┌─ Recorded data

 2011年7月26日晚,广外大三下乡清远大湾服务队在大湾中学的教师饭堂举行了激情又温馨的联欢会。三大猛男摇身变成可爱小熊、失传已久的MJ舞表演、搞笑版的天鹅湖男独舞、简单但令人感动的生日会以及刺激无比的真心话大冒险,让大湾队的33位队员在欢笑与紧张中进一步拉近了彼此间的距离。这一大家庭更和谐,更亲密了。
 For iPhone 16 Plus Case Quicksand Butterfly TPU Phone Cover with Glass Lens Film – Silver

└─
┌─ Recorded data

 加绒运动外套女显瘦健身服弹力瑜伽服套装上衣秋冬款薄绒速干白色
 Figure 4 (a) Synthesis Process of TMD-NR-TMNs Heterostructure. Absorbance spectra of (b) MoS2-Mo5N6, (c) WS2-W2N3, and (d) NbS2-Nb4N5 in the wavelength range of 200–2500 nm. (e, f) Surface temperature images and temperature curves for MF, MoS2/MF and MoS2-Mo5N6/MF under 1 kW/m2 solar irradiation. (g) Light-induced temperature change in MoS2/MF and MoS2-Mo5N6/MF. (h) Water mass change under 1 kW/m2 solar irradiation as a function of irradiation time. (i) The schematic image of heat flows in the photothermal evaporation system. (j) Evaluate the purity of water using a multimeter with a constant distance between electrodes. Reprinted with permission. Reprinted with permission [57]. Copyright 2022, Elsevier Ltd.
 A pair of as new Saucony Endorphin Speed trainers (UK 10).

└─

* _What is needed_: From the material, report only how many lines include the word "with".

* _Result_: 2